### WHAT YOU NEED TO DO
The data below is to be transcribed word for word; pictures are to be excluded.

### DATASET EXCERPT
—————

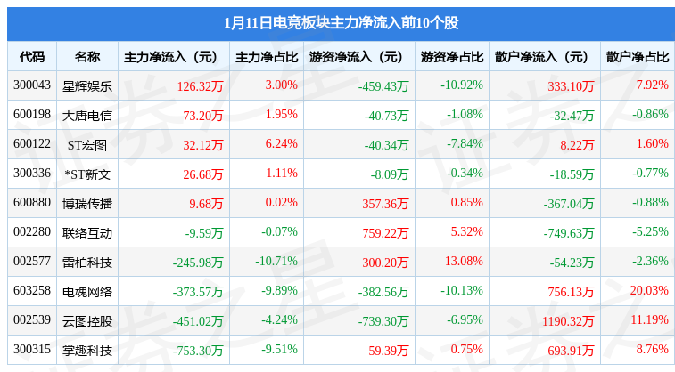 从资金流向上来看,当日电竞板块主力资金净流出4.28亿元,游资资金净流入5356.16万元,散户资金净流入3.75亿元。电竞板块个股资金流向见下表:
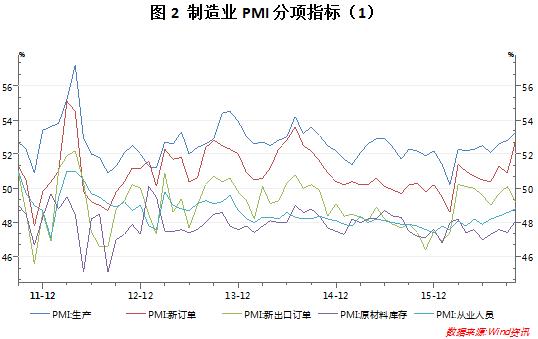 从分项指标来看,生产指数录得2014年11月以来的高点53.3,连续4个月上升;新订单指数52.8,较上月大幅提高1.9个百分点,创2014年10月以来新高,新出口订单指数再次回落至荣枯线下为49.2,较上月回落0.9个百分点;9月从业人员指数和原材料库存指数虽处于荣枯线下,但均较上月有所上升。生产指数和新订单指数连续处于扩张区间,显示制造业生产延续8月以来的回暖态势,而新出口订单重回荣枯线之下,说明新订单指数上涨的主要原因在内需回暖(见图2)。
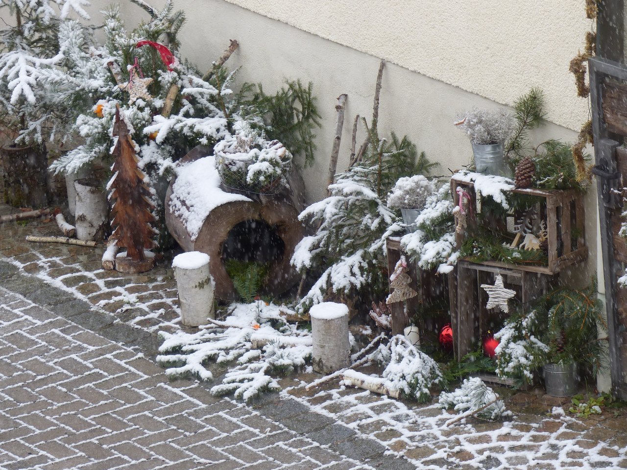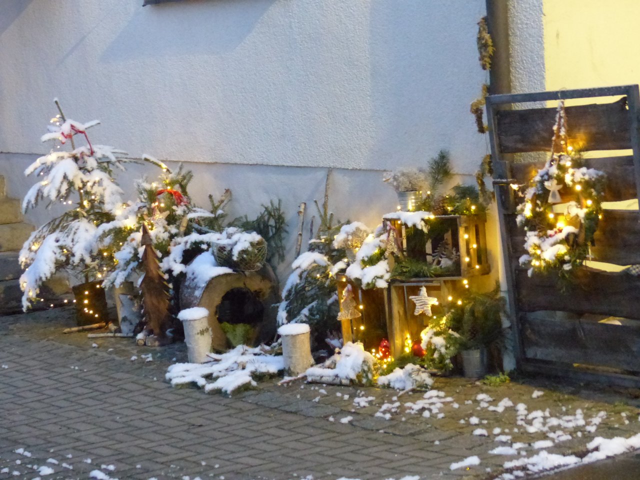 Man kann es sich gar nicht schöner wünschen, als dass am ersten Adventssonntag die ersten Schneeflocken die Landschaft verzaubern. Auch die vorweihnachtlichen Dekorationen an Häusern tragen zur Weihnachtsstimmung bei, wie die von Renate Birner. Sie hat abermals keine Mühe gescheut bei der Ausschmückung ihres Eingangs mit Streu, Holz, Kerzen, Kugeln und allem, was zur Weihnachtszeit gehört.

—————

### SOLUTION BELOW
 从资金流向上来看,当日电竞板块主力资金净流出4.28亿元,游资资金净流入5356.16万元,散户资金净流入3.75亿元。电竞板块个股资金流向见下表:
 从分项指标来看,生产指数录得2014年11月以来的高点53.3,连续4个月上升;新订单指数52.8,较上月大幅提高1.9个百分点,创2014年10月以来新高,新出口订单指数再次回落至荣枯线下为49.2,较上月回落0.9个百分点;9月从业人员指数和原材料库存指数虽处于荣枯线下,但均较上月有所上升。生产指数和新订单指数连续处于扩张区间,显示制造业生产延续8月以来的回暖态势,而新出口订单重回荣枯线之下,说明新订单指数上涨的主要原因在内需回暖(见图2)。
 Man kann es sich gar nicht schöner wünschen, als dass am ersten Adventssonntag die ersten Schneeflocken die Landschaft verzaubern. Auch die vorweihnachtlichen Dekorationen an Häusern tragen zur Weihnachtsstimmung bei, wie die von Renate Birner. Sie hat abermals keine Mühe gescheut bei der Ausschmückung ihres Eingangs mit Streu, Holz, Kerzen, Kugeln und allem, was zur Weihnachtszeit gehört.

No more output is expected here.